> **WORK ORDER**: From the material below, reproduce exactly the stretch of lines that begins with the line holding "4、然后选择BSI2010选" and ends with the line holding "Ulise a iubit", skipping the pictures.

> **MATERIAL FOR THIS TASK**:

[Start of Attachment]

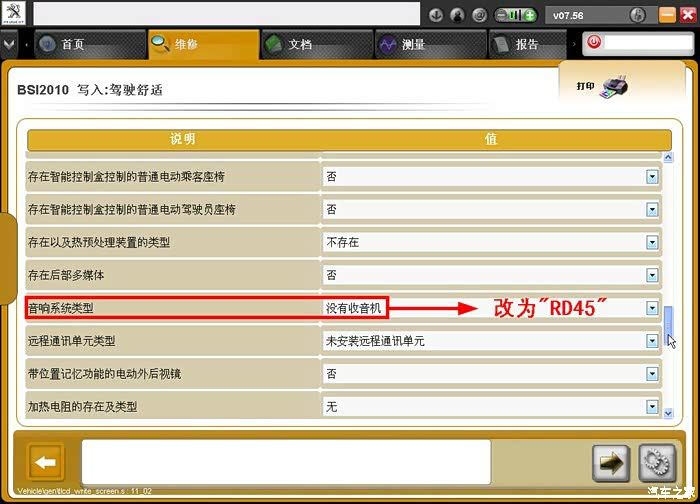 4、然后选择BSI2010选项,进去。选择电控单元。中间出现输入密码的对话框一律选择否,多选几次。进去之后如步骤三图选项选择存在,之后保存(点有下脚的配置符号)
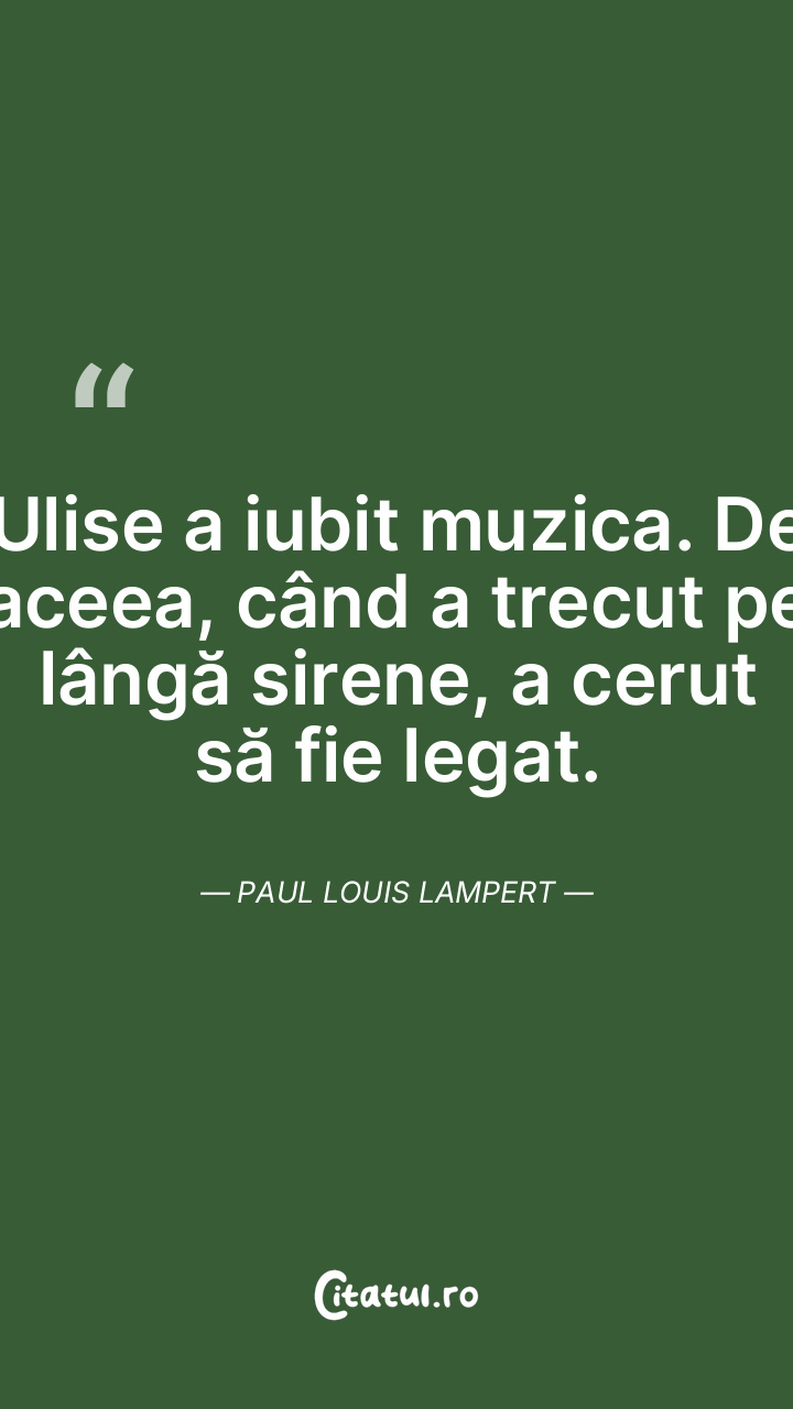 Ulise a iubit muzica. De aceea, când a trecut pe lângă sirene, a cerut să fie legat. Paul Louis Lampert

[End of Attachment]
[Start of Attachment]

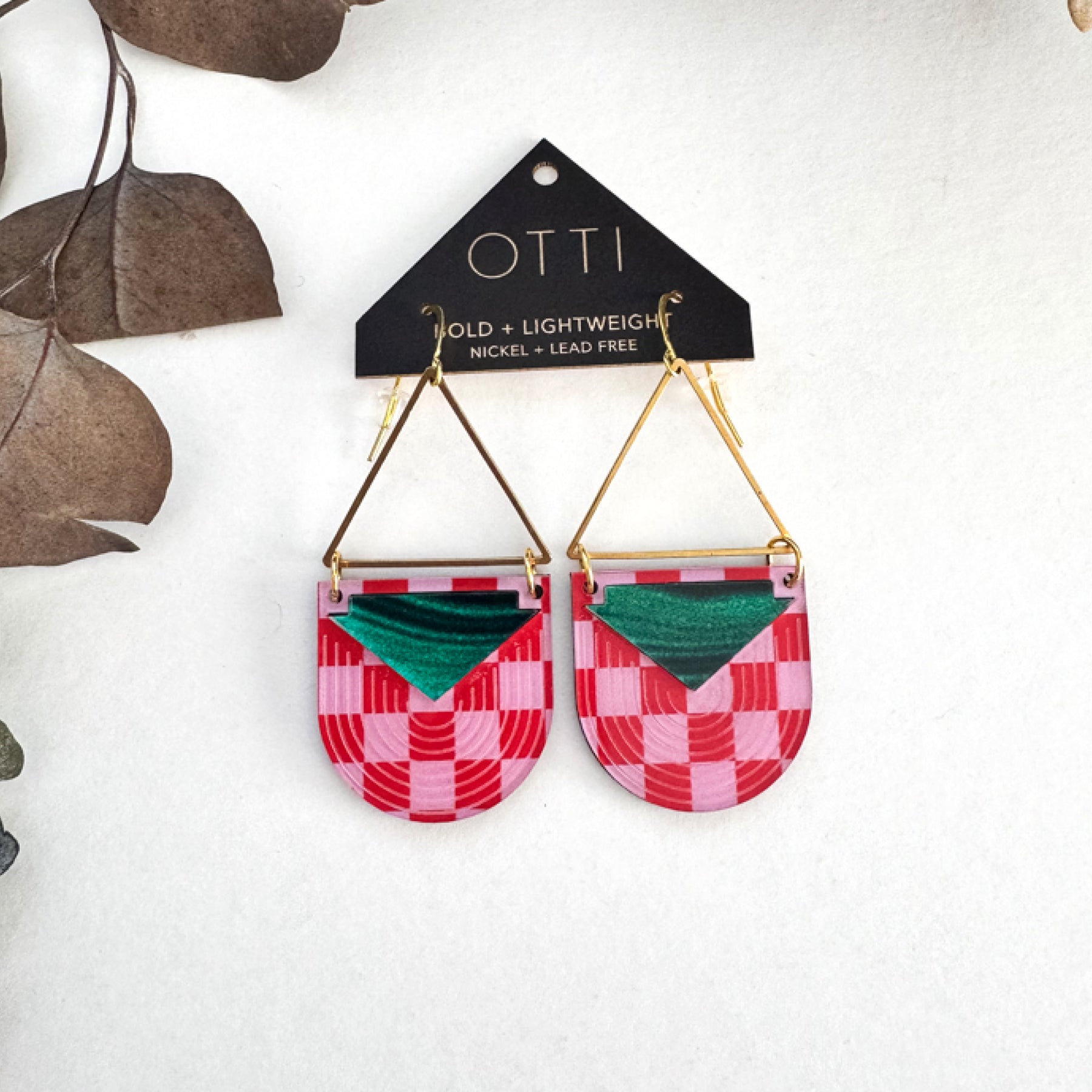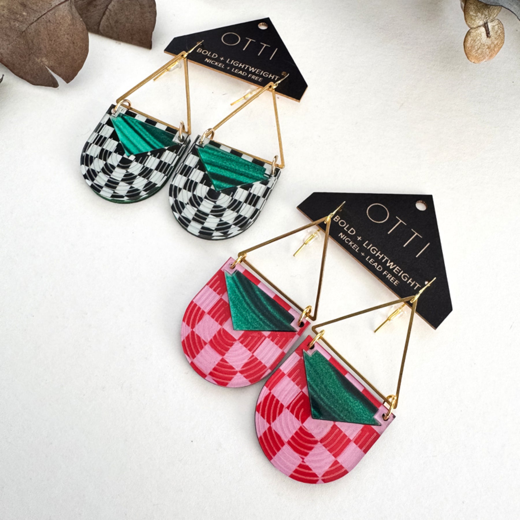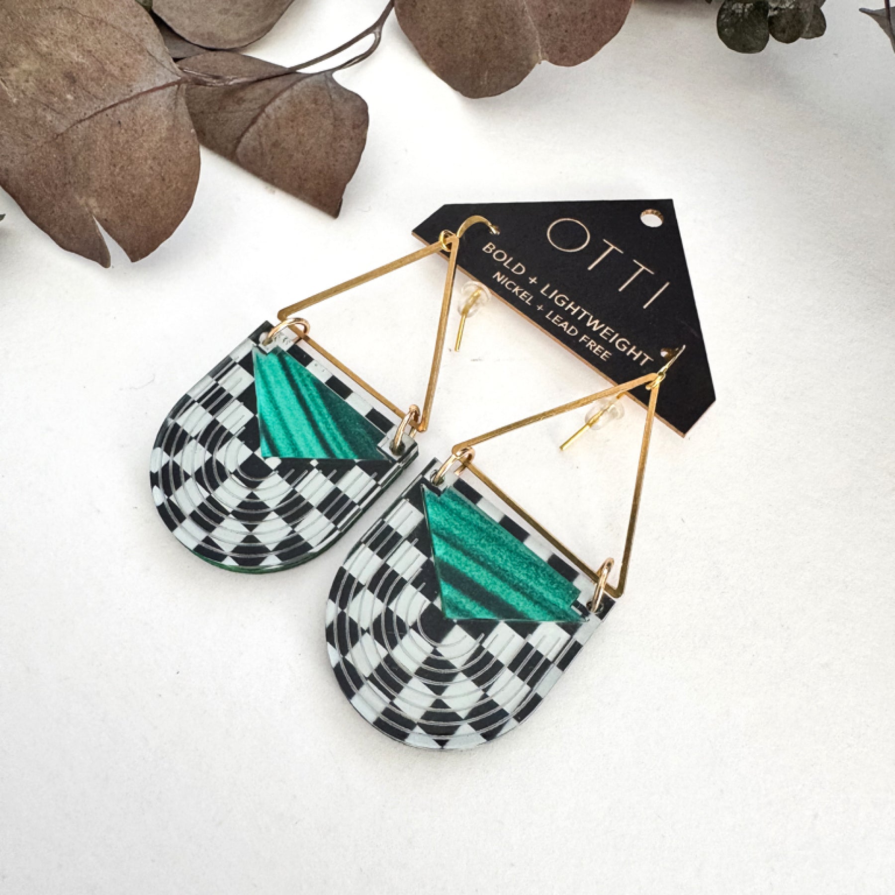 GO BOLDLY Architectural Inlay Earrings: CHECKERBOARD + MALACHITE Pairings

[End of Attachment]

> **FINAL ANSWER**:
 4、然后选择BSI2010选项,进去。选择电控单元。中间出现输入密码的对话框一律选择否,多选几次。进去之后如步骤三图选项选择存在,之后保存(点有下脚的配置符号)
 Ulise a iubit muzica. De aceea, când a trecut pe lângă sirene, a cerut să fie legat. Paul Louis Lampert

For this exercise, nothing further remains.